There are many different types who volunteer their time at museums. Senior citizens. Rich ladies in Chanel blazers. Kids in art school. How about puppies? No way, you may be saying to yourself right now. Puppies are way too hyper to be let loose among priceless artifacts of Western culture.
Not true. Or at least not at Boston’s Museum of Fine Arts (MFA), which recently added Riley, a 12-week-old Weimaraner, to its roster of volunteers.
Riley wasn’t born a museum volunteer. But he was adopted by a museum employee named Nicki Luongo who, in her spare time, trains police dogs. Could she train her new family puppy, she wondered, to sniff out moths and other insects that damage precious textiles and wood?
The answer is probably. Research has found that despite all of our advances in technology, human instruments still can’t match the power of a canine nose in terms of sniffing out scents. Currently, Riley is being taught to recognize the scents of specific insects; if he finds one on an artwork, he will sit in front of it until a human comes to inspect it.
If he is successful at his job — and how could he not be, with a face like that? — then other museums also might start using service dogs to sniff out pests that destroy objects.

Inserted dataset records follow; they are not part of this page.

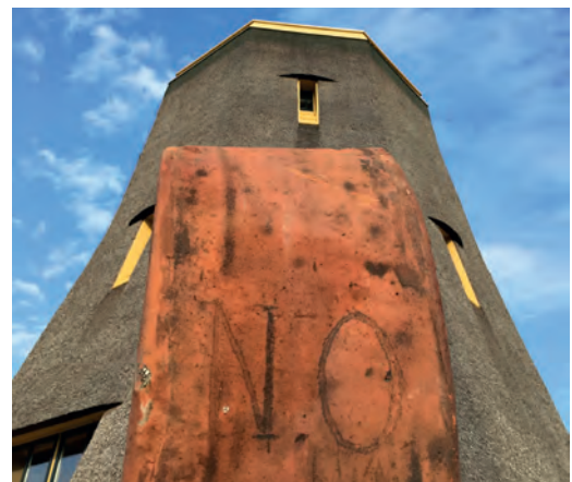
Rietvorst met windrichting NO (noordoost.) afkomstig van de luchtwachtpost op molen No. 6 in Moerkapelle.
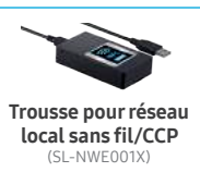
Trousse pour réseau local sans fil/CCP (SL-NWE001X)
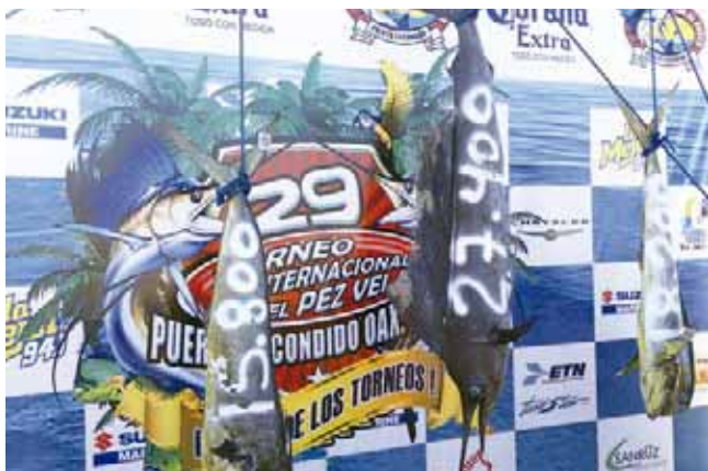
► Exhibición, pesaje y medidas de parte de los jueces a los ejemplares presentados.

The only sad thing about this story is that Riley will not work while the museum is open — because who would want to look at art if there is a Weimaraner puppy wandering around, right? Instead, he will work when the institution is closed to the public. To keep in touch with his adoring public, the MFA is considering creating an Instagram page for him. If they do, we’ll let you know because … um, obviously we all need to follow it.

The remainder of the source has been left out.